Now John and I are comfortable living outside the inner circle. It is actually liberating and we wouldn’t feel comfortable any other way. There is something empowering and refreshing about being an underdog. As long as we are true to ourselves and do the right thing on our own terms what more could we ask of ourselves? These experiences and others like them have helped us cope with life’s daily challenges as we, like most, definitely still have our fair share of ups and downs. I once heard that our experiences and lessons come most often when we get what we don’t want. And I’m sure we can all relate to that… It just seems to be our way with life. Without being poked and prodded by it then we would be lulled into complacency.

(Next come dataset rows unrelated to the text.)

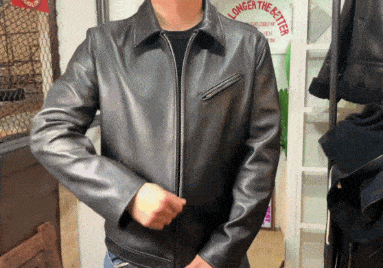 ライダースジャケットを長く着ると型の特性上、ファスナーがある一番下の部分が浮いたり伸びてしまいます。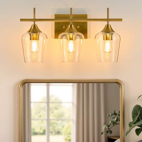3-Light Antique Brass Wall Sconce Vanity Lights with Glass Shade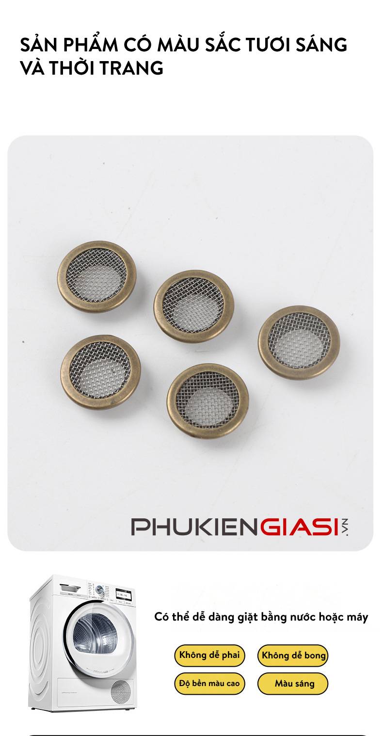- Hình dạng: Thường có hình tròn hoặc oval, với lỗ ở giữa để xỏ dây hoặc có lưới

Challenge and necessity are the precursors to change and growth and if we all had our druthers there would be little to nudge us along. Many times success is just surviving the jungle out there without going backwards and with little doubt life is becoming more demanding and stressful on a daily basis. Encircled by such a contrived and manufactured culture where the reality these days is pay more and get less as the one and only flavour of the day has left most of us frustrated and stretched beyond our means. John and I have found that being mindful and not getting too far ahead of ourselves nor spending too much time dwelling on the past keeps us quite happy and much more able to handle the constant distractions and daily demands we all now face. I can’t count the number of times our childlike sense of wonder and humour along with plenty of physical activities have literally saved us from our own nuclear meltdowns!
The past decade or so we still have faced many struggles together. A couple of times we were down and out barely managing to survive despite our hard efforts I can vividly recall John and I were sitting across from each other , most ironically, in the coffee shop of the World Trade Center in silent tears having just lost all our investment in a sports memorabilia business . We had put all our marbles into limited edition prints that we had placed on show there and the auction was a disaster. Luckily we sold one print on the road which gave us just enough money to barely make it home. We moved into a small basement rec room with a pull out bed and started all over again… It was like Carmel California repeating itself; you just do what you have to do…

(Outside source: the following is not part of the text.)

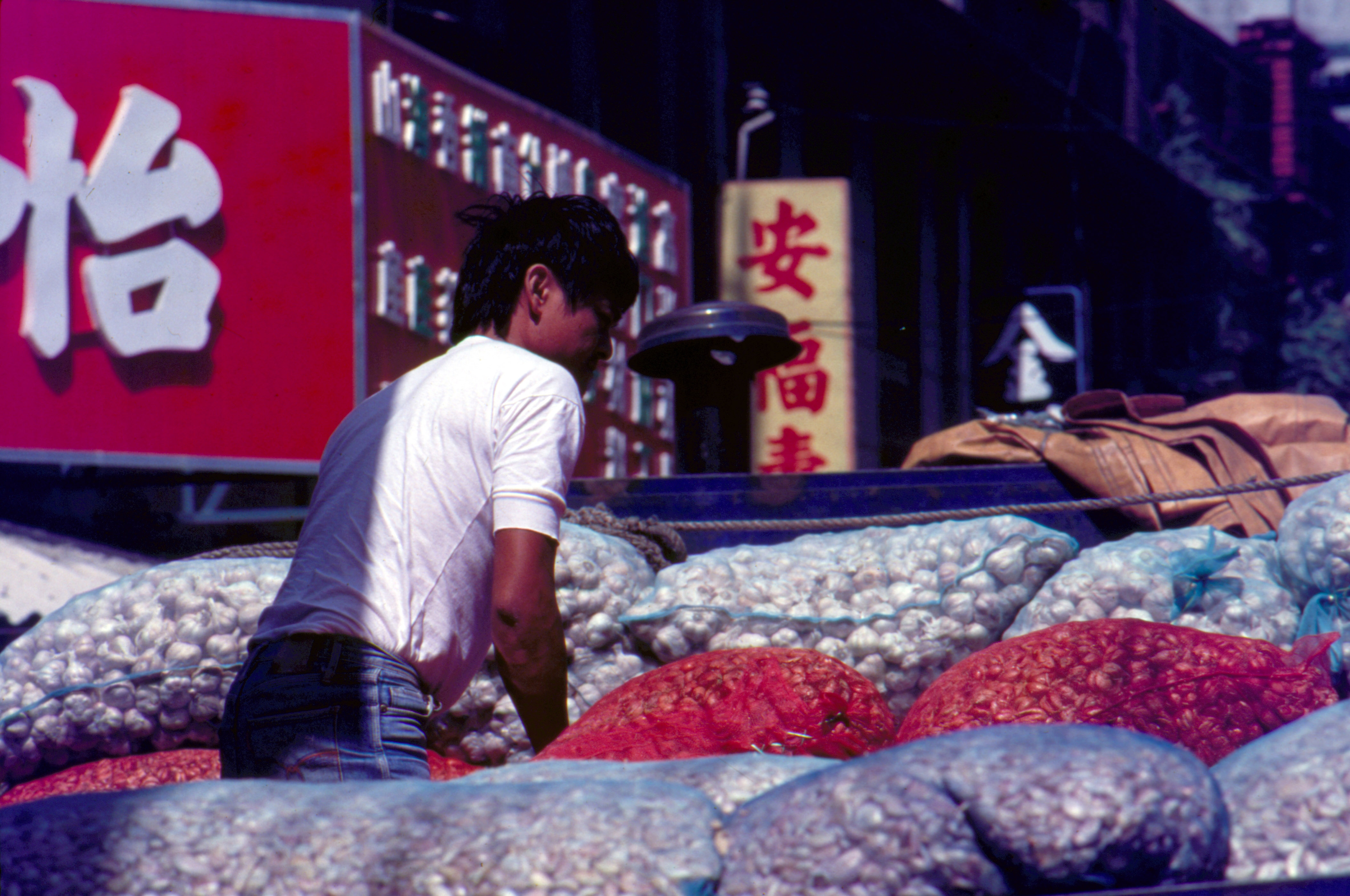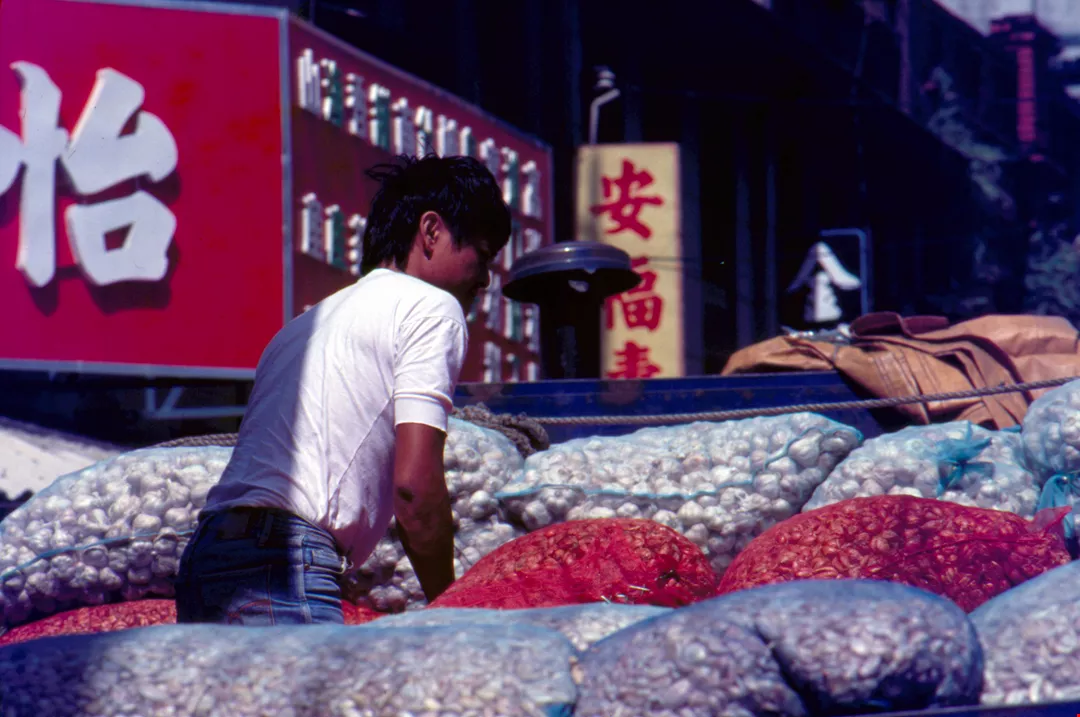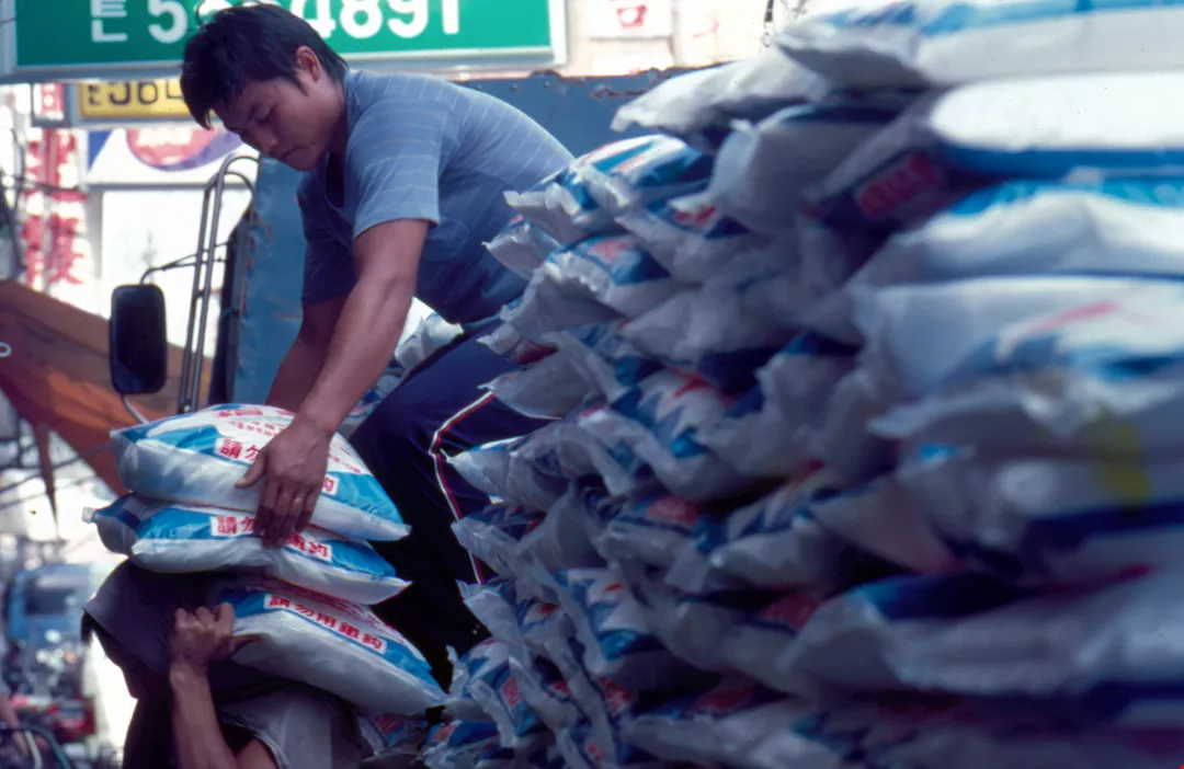 圖3.5:鹽、蒜頭,是迪化街的重要批發品,店員正忙著將貨物卸下。(鐘永和/楊永山)

There have also been times when I have felt so hopeless and despondent that all I can ask of myself is to just take another step. Just one step, and then another… and then one day turns into another and the dark clouds seem to lighten and once again you catch glimpses of the blue sky hidden behind them.
Amending Our Past….
Although John’s hardest struggle was to let go of his financial gains and assets of his past mine was my children. The loss of being a mother to my two young children was definitely the most heart wrenching circumstance that I needed to accept and release.
I had always known deep down that I had done the right thing by keeping them together in a home in which they were familiar. After all their happiness and welfare was by far the most important consideration whenever parents decide to divorce.
This I understood indeed. Unfortunately for me, though, this love from a distance was not reciprocated equally. The real danger in any divorce is when one spouse takes advantage of their custody and instead uses it as a lever against the other. Sadly for me this was very much the case. The sands of time were obviously not on my side nor was my ex-husband and therefore it wasn’t long before the love and memories of our past together were being quickly erased from the minds of my children. As fate was to have it the poor financial times I fell upon after my divorce and separation made it physically impossible to be there for them.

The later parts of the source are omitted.